人間性としての自我
ライフサイクル.幼児期後半の課題
ライフサイクル(一生を通じての各年代・時期の課題、転換期)を通じて、「不安」という視点からを眺めています。 今回は、『自発性vs罪悪感』という課題です。
幼児は自律性を獲得して自分自身をコントロールできるようになり、今度は自分が行動の中心として積極的に外の世界とかかわるようになっていきます。
これが自発性・主体性といわれるものです。
この時期に初めて幼児は、家庭の外の小さな社会の中で行動することになっていきます。社会のかかわりの中での自分を意識するということです。

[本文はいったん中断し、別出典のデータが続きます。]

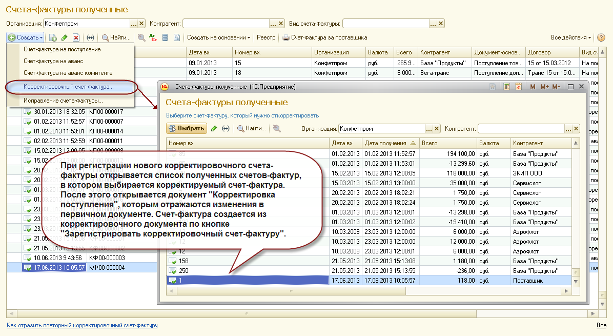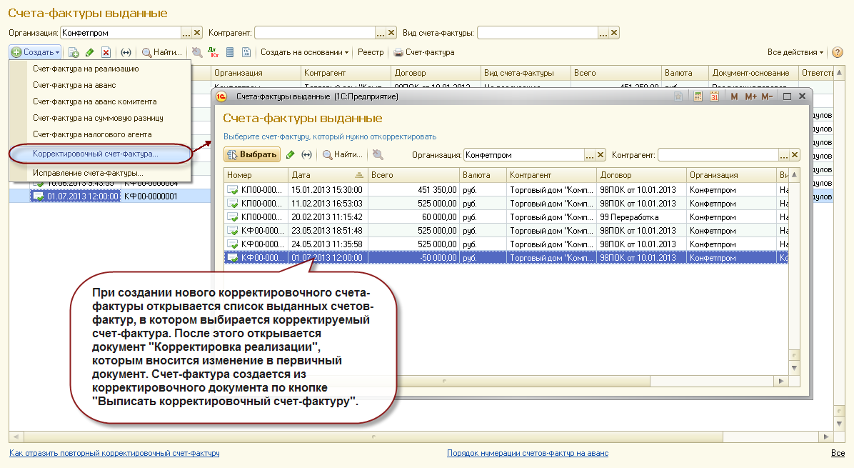Упрощен процесс регистрации корректировочных (исправленных) счетов-фактур. Для формирования необходимых корректировочных документов с заполненными реквизитами достаточно указать счет-фактуру, который необходимо откорректировать (исправить).
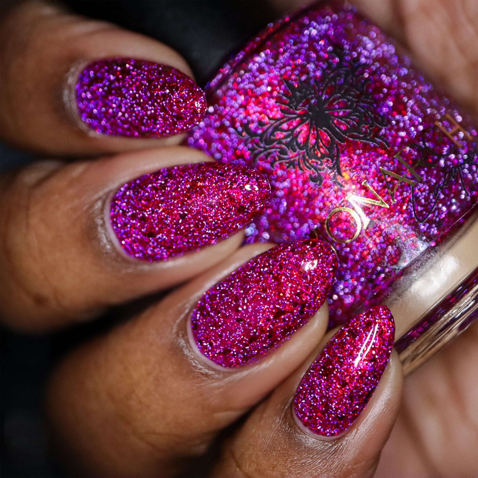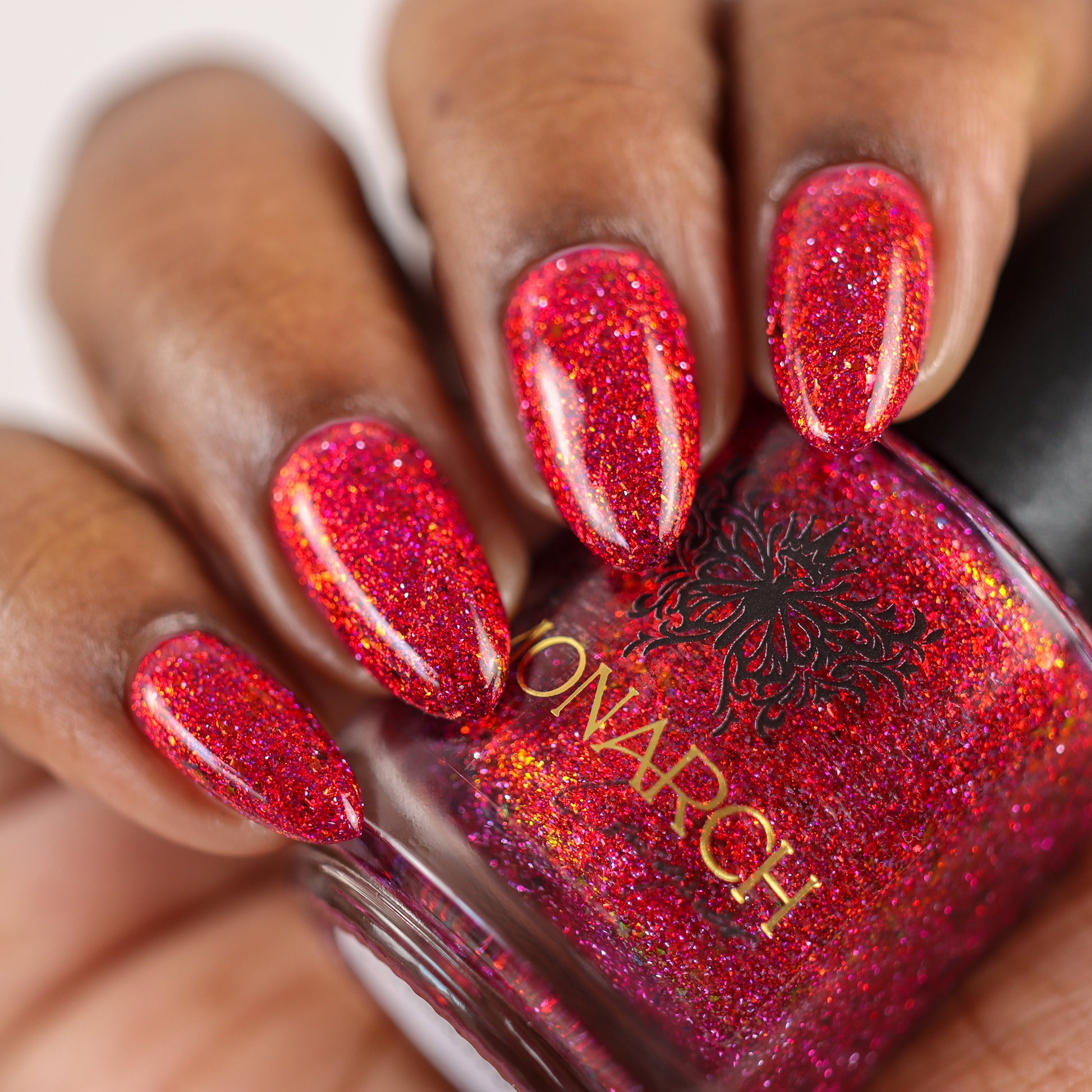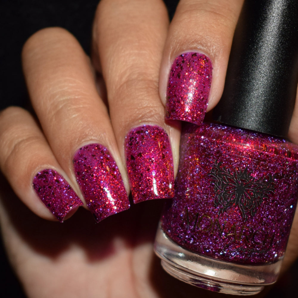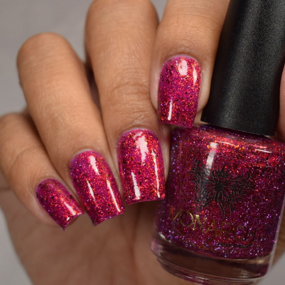 Get ready to turn heads with this cheeky berry-red jelly loaded with red-orange aurora sparkle that shifts with every move. Mix in some playful red-orange chroma flakes and reflective glitter, and you've got a nail look that's equal parts naughty and nice. Mischief never looked so good.

その意味でアイデンティティ(自分が自分であること=自己同一性)の基礎がこの時期に形成されると考えることができるといわれています。
そして自発的な行動が社会的な規範を犯すと罪悪感が生まれてくるものです。
これが青年期(思春期)になってアイデンティティが拡散する(いわゆる自分が自分でわからなくなる)という現象に陥ると、否定的アイデンティティの選択というものが行われるやすくなります。
身近な共同体から望ましいとされている役割に対して、軽蔑や憎しみを抱くようになり、反抗的で突っ張った生き方をする傾向が出てくるということです。